An OIG analysis of the 2017 Comprehensive Error Rate Testing (CERT) program for positive airway pressure (PAP) device payments shows potential overpayments of $566 million. The overpayments come in the form of claims for PAP devices which were found to be neither reasonable nor necessary, according to Medicare standards. The OIG plans to examine Medicare payments made to durable medical equipment providers for PAP devices used to treat OSA, then determine whether those payments were in fact appropriate, Medicare-approved sleep studies were ever conducted.

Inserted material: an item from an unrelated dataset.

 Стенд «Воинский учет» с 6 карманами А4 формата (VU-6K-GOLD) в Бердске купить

Review of the Medicare DRG Window Policy

Outpatient services directly related to an inpatient admission are considered part of the inpatient payment, and thus not separately payable by Medicare. The diagnosis-related group (DRG) window policy defines when CMS considers outpatient services to be an extension of inpatient admissions, and generally includes services that are:

  1. Provided within the 3 days immediately preceding an inpatient admission to an acute-care hospital
  2. Diagnostic services or admission-related nondiagnostic services
  3. Provided by the admitting hospital or by an entity wholly owned or operated by the admitting hospital

Building on previous work, the OIG plans to determine the number of admission-related outpatient services that were not covered by the DRG window policy in 201. This will include services that were provided prior to the start of the DRG window, as well as services provided at hospitals that shared a common owner. The OIG will also determine the amounts that Medicare and beneficiaries would have saved in 2018, had the DRG window policy been updated to include more days and other hospital ownership structures. Finally, the OIG will interview CMS staff to identify other potential payment models CMS could use to pay for outpatient services related to these inpatient admissions.

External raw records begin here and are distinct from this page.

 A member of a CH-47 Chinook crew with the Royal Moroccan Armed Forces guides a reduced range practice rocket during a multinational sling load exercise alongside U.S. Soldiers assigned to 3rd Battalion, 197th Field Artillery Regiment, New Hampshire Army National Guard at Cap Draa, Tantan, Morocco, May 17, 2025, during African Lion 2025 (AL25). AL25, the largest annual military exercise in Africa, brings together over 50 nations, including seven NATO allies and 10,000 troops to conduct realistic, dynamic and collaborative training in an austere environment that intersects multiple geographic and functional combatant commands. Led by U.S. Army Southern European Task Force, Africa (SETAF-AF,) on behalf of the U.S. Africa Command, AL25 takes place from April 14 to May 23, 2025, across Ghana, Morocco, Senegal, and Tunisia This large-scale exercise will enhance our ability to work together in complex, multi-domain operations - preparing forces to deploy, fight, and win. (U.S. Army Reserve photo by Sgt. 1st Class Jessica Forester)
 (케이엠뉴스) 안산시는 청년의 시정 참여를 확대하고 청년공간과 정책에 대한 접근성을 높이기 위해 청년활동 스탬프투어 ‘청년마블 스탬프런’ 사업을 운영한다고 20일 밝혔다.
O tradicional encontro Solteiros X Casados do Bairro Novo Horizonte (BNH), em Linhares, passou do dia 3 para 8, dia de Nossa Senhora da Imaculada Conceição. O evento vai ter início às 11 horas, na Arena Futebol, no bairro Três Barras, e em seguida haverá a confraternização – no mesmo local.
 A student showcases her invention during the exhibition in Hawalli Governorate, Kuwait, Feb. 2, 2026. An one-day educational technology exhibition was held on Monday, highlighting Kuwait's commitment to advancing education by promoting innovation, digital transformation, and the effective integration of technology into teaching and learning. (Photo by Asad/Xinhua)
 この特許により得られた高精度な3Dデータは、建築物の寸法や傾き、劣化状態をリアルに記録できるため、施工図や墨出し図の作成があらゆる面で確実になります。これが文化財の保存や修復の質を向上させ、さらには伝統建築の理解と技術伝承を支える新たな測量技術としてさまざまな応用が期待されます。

Review of Medicare Facet Joint Procedures

Facet joint injections are an interventional technique used to diagnose or treat back pain. Several previous reviews found significant billing errors in this area, including a prior OIG review. The OIG has plans to review whether payments made by Medicare for these facet joint procedures complied with Federal requirements.

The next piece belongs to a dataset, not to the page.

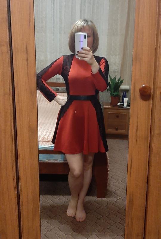 Нарядна сукня червоного кольору в чорну маленьку крапинку,оздоблена мереживом.На талії стрічка із екошкіри.Одягнута 2 рази,в ідеальному стані.Довжина 80 см, Пог-45,Пот-35.Тканина ще тягнеться.На фото зріст 165 см.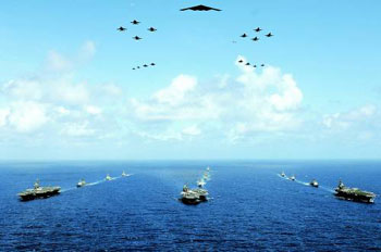 资料图:亚伯拉罕·林肯号、小鹰号和罗纳德·里根号三艘美国海军航空母舰6月18日排好队型,在关岛附近的太平洋海上航行

Use of Telehealth to Provide Behavioral Health Services in Medicaid Managed Care

Telehealth is the use of telecommunications and information technology to provide access to health assessments, diagnoses, interventions, consultations, supervisions, and other healthcare-related information from afar (i.e. The provider and the patient don’t share a room, but rather a screen or phone line). Telehealth’s value is found by increasing a beneficiary’s access to healthcare, while reducing the healthcare spend. All 50 States and the District of Columbia currently provide some coverage under Medicaid of telehealth. However, limited information is available on how States use telehealth to provide behavioral health services to Medicaid managed care enrollees. So, a review is set to be conducted by the OIG which will focus on selected States. The review will analyze how these States (and managed care organizations (MCOs)) use telehealth to provide behavioral healthcare. It will also review the selected States' monitoring and oversight of the MCOs' behavioral health services that were provided via telehealth.The review also aims to identify States' and MCOs' practices that can serve to maximize the benefits while minimizing the risks of providing behavioral healthcare via telehealth.

Medicaid Assisted Living Services

It was announced announced that Medicaid may soon provide assisted living services to individuals who are medically eligible for placement in a nursing home, but who opt for a less medically intensive service in a lower-cost setting. These services may include personal care (e.g., assistance with dressing and bathing), homemaker services (e.g., house cleaning and laundry), personal emergency response services, and therapy services (e.g., physical, speech, and occupational therapy).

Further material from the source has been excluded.